On specific product forecasts, UBS raised its peak sales estimate for Nubeqa to $6 billion from $5.7 billion after Bayer provided guidance for roughly 50% year-on-year net sales growth for the drug in 2026. The bank expects Pharma sales to grow at an approximate compound annual growth rate of 4% from 2025 through 2030.

For 2026 UBS projects group revenues of €45,140 million, earnings per share of €4.42, and net debt of €32,420 million. Based on its forecasts, Bayer would trade at a 2026 price-to-earnings ratio of 8.7x, which UBS notes is a 37% discount to European pharma peers with a peer average P/E of 14.1x.
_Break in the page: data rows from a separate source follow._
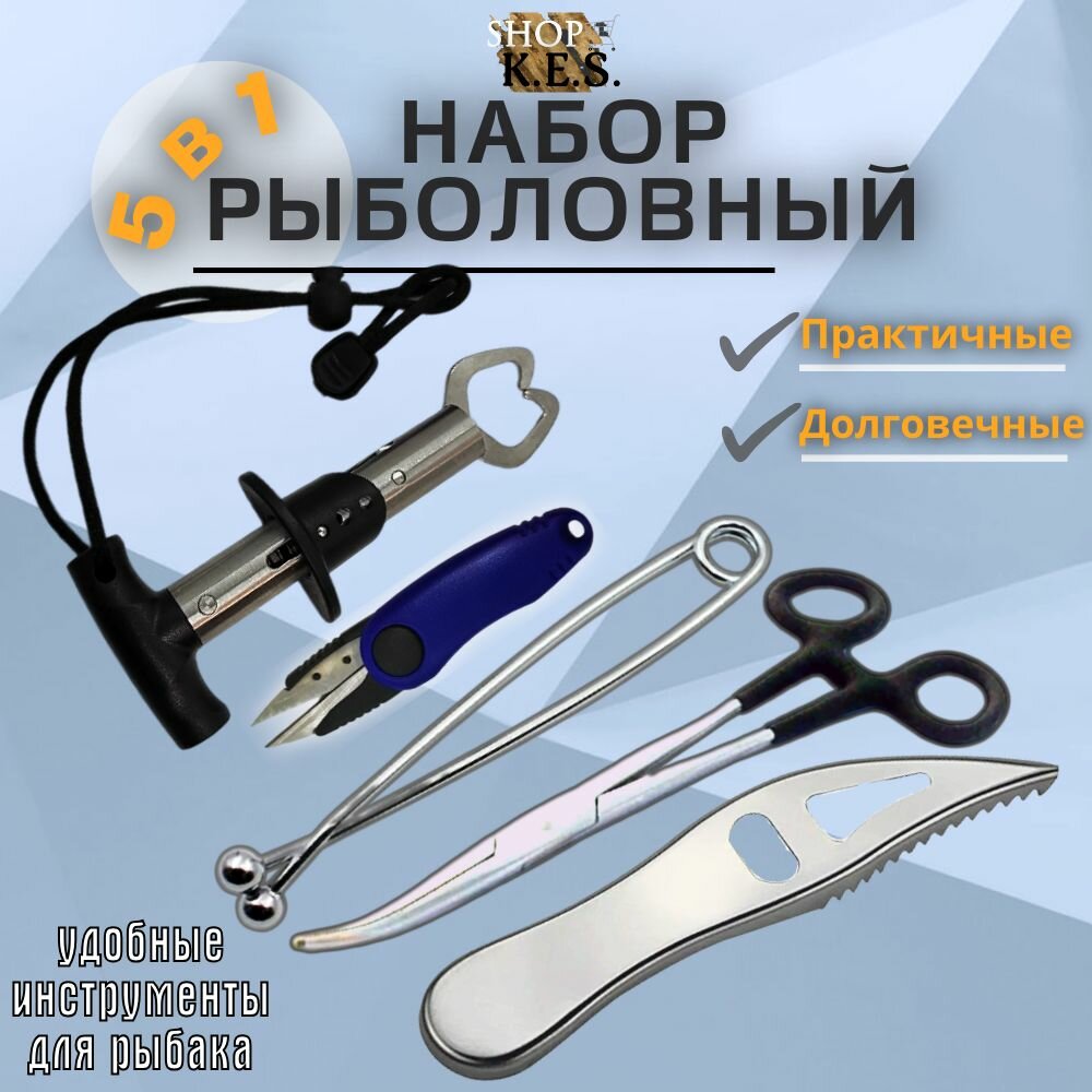 Липгрип , ножницы-перекусы, экстрактор щипцы, зевник, нож для удаления чешуи / Набор рыболовный 5в1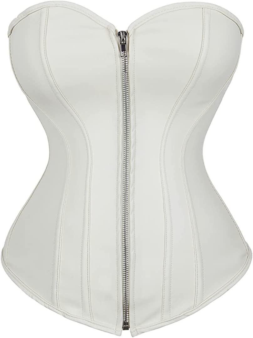 Corsets for Women Faux Leather Corset Top Steampunk Corsets Zipper Bustier Pirate Costume: Small White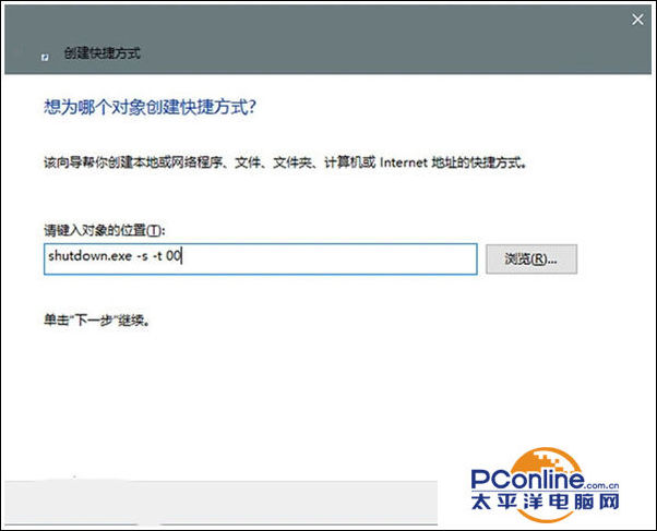 5、在“位置”文本框输入以下命令来关机功能(如上图):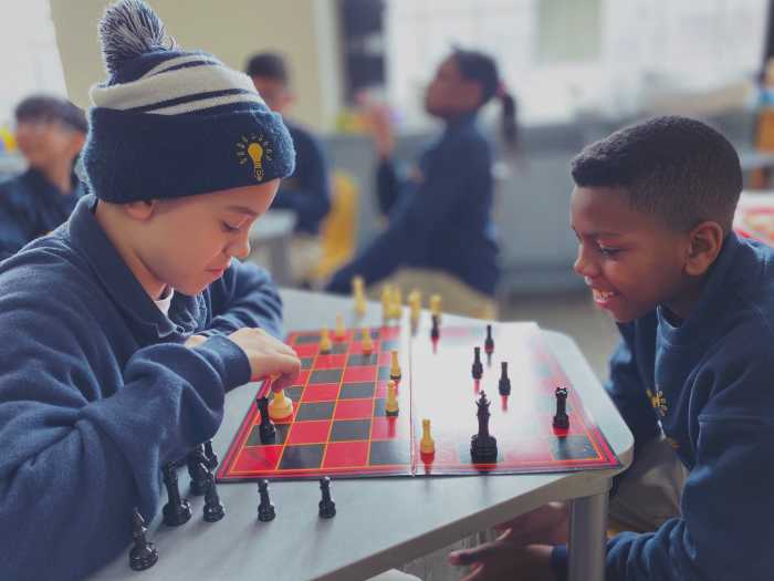 Creo College Prep students playing chess during their self-care day. Photo by Claude Solnik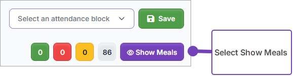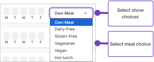 - For each pupil, select the end column to record, update or change their meal choice as needed. The pupil is automatically marked present for the morning session when changes are made. The meal types are customised for your school,based on available meals for the day: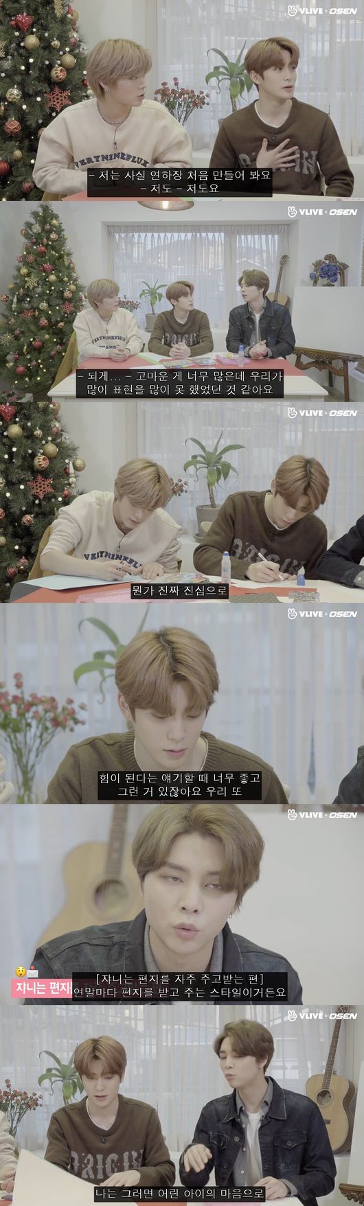 멤버들은 "팬들과 부모님, 멤버들과 친구들 등 쓰고 싶은 사람 많다"며 누구에게 쓸지 고민, 하지만 너무 많은 인원이 되기에 3명이 각각 나누기로 했다. 유타는 멤버들에게, 재현은 팬들에게, 쟈니는 멤버 부모님들에게 써보기로 정했다. 세 사람은 "고마운 것이 많지만 표현을 많이 못했다, 좋은 마음을 담아보자"면서 자기 스타일대로 꾸미기 시작했다. 유타는 "아트타임을 가져보자"며 핑크를 선택해 웃음을 안겼다. 쟈니는 "어린 아이의 마음을 담을 것, 어른들은 우리 볼때 어릴 때 모습이 생각날 것 같아 크레파스로 써야겠다"며 귀여운 발상을 하기도 했다. 한 명씩 편지를 적으면서 "편지 감성이 좋다, 우리가 말을 많이 안할 때 말로 전하지 못하는 진심을 전달하는데 의미가 있다, 마음이 뜨거워진다"면서 "편지는 문자와는 다른 느낌, 정성이 들어가서 그렇다, 그 사람 감정이 느껴져"라며 편지쓰기에 빠져들었다.
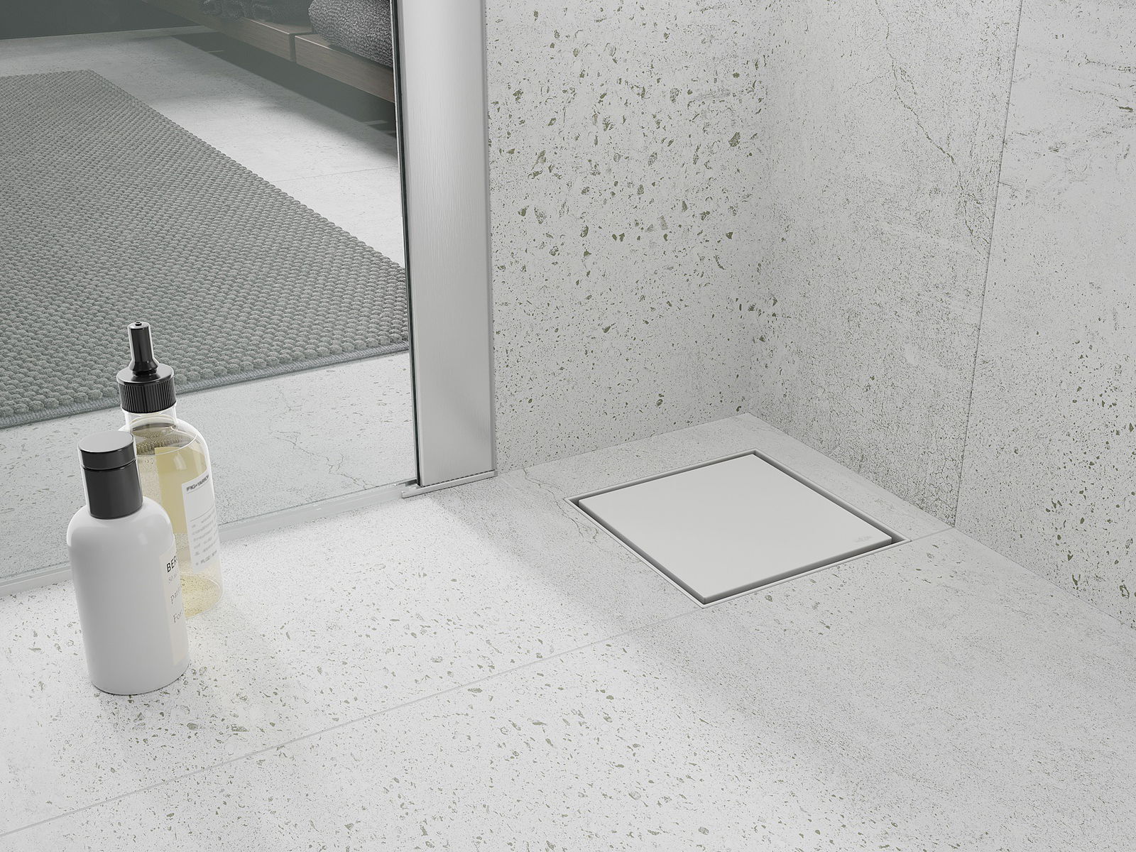 Distanțierele amortizoare garantează o poziționare uniformă a mascherelor, asigurându-le un aspect estetic. Previn eficient frecarea grătarului de carcasă și reduc zgomotul produs în timpul căderii apei direct în scurgere.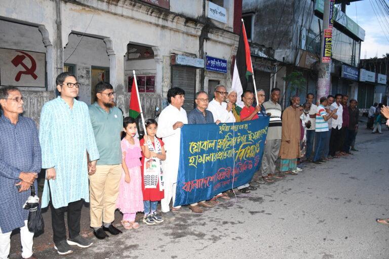 বিক্ষোভ সমাবেশে বক্তারা আরো বলেন, ফিলিস্তিন ও গাজাকে আলাদা রাষ্ট্র হিসেবে স্বীকৃতি দেয়ার পরও বিশ্বের কিছু শক্তিধর দেশ ছোট্ট ইসরায়েলের পক্ষে অস্ত্র ও সমর্থন দিয়ে এই নৃশংস ঘটনার সঙ্গে সম্পৃক্ত হচ্ছে। এই অনৈতিক সহায়তা মানবতার বিরুদ্ধে এক ধরনের খেলায় রূপ নিয়েছে। আমরা বিশ্বাস করি শহীদের রক্তের বিনিময়ে ফিলিস্তিন স্বাধীনতা অর্জন করবে ইনশাআল্লাহ। আমরা জাতিসংঘ ও আন্তর্জাতিক সম্প্রদায়কে আহ্বান জানাই- অবিলম্বে ইসরায়েলের হাতকে দমন করুন। দখল হওয়া অঞ্চলগুলো দ্রুত মুক্ত ঘোষণা করুন এবং ত্রাণবাহী জাহাজের কর্মীদের অবিলম্বে মুক্তি দিন। বাংলাদেশ সরকারের নিন্দা ও মুক্তির দাবিকেও আমরা স্বাগত জানাই। যতদিন ফিলিস্তিন স্বাধীনতা অর্জন করবে না, ততদিন মুসলমানদের লড়াই সহানুভূতি ও সংগ্রাম অব্যাহত থাকবে।
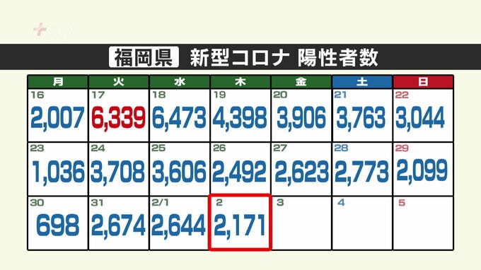 新型コロナウイルスの感染状況です。福岡県では2日、新たに2171人の陽性が確認されました。減少傾向が続いています。60代以上の男女6人が亡くなっています。1日時点で、病床使用率は43.2%、重症…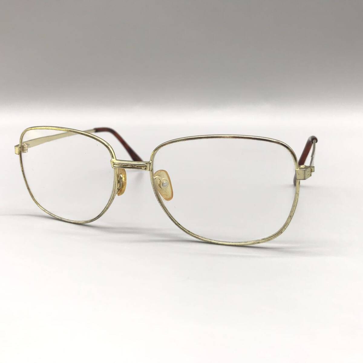 > [送料全国一律360円] ヴィンテージ メガネ 眼鏡 メタル 金属 フレーム フルリム レンズ 度入り ウェリントン ゴールド べっ甲柄 55□16-135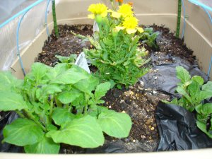 って画像はなし。上から見るとなんかすごいことになってます。もうそろそろ、ビニールはずさんと。インカも早くに芽を出したこは伸びてます。困った芽かきをせねば。さて、実験プランター。結果はなんか今見た感じは、堆肥が入ってないほうが元気いいかも。たまたまなんでしょうけど。 それよりも、ほうれん草に燐酸入れたのは失敗かも。細いのがひょろひょろ伸びてます。日照不足。たまねぎも勝手にひょろ長く伸びてますがこんなもんなのですかね?徒長?おまけの温室アップルミント。外に比べて勝手になんか伸びてます。本日はおやすみなさい。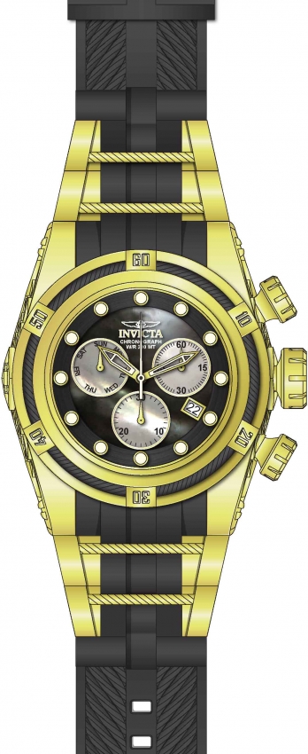 Gold-tone stainless steel case with a two-tone (black and gold-tone) silicone and stainless steel strap. Uni-directional rotating two-tone (black and gold-tone) stainless steel bezel. Black mother of pearl dial with gold-tone hands and index hour markers. Dial Type: Analog. Luminescent hands and markers. Date display at the 4 o'clock position. Chronograph - three sub-dials displaying: week, 60 second, 30 minute. Ronda Caliber Z60 quartz movement. Scratch resistant mineral crystal. Screw down crown. Solid case back. Round case shape, case size: 53 mm, case thickness: 22 mm. Band width: 30.5 mm, band length: 8.25 inches. Buckle clasp. Water resistant at 200 meters / 660 feet. Functions: chronograph, date, day, hour, minute, small second. Sport watch style. Watch label: Swiss Movt. Invicta Bolt Chronograph Mens Watch 28157.

UBS’s modeled 12-month total return for the stock is 36.2%.


Key points

  • UBS upgraded Bayer to buy and raised its 12-month target to €52, citing a preliminary court approval of a $7.25 billion glyphosate settlement and a compressed opt-out timeline that could encourage plaintiff participation.
  • The bank modelled five valuation scenarios from €35 to €60, with a €52 base case assuming a 25% conglomerate discount and an upside case that factors in €4.8 billion of net debt reduction.
  • UBS revised product and financial forecasts, raising Nubeqa peak sales to $6 billion and projecting 2026 revenues of €45,140 million and EPS of €4.42, while noting Bayer’s 2026 P/E would trade at a discount to peers.

Risks and uncertainties

  • The settlement could fail to hold - UBS’s downside scenario assumes settlement collapse and an adverse Supreme Court outcome, which would materially reduce valuation and affect equities and legal exposure for the company.
  • Bayer’s stated need for nearly unanimous plaintiff retention to proceed introduces execution risk; if a significant number of plaintiffs opt out, the settlement dynamics and projected cash flows would change, influencing the pharmaceutical and wider equities markets.
  • Timing risks around the Supreme Court decision and associated hearings - including the April 27 oral arguments and the July 9 Fairness Hearing - create uncertainty in market reaction and valuation realization for Bayer and related sectors.

Risks

  • Settlement failure and an adverse Supreme Court ruling would materially reduce Bayer’s valuation and pose downside risk to equities and legal-exposed investors.
  • Bayer’s requirement for nearly 100% plaintiff retention to proceed with the settlement creates execution risk that could affect anticipated cash flows and sector exposure.
  • Uncertainty in legal timing - including April 27 oral arguments and the July 9 Fairness Hearing - could produce volatile market reactions ahead of a Supreme Court ruling expected by the end of June.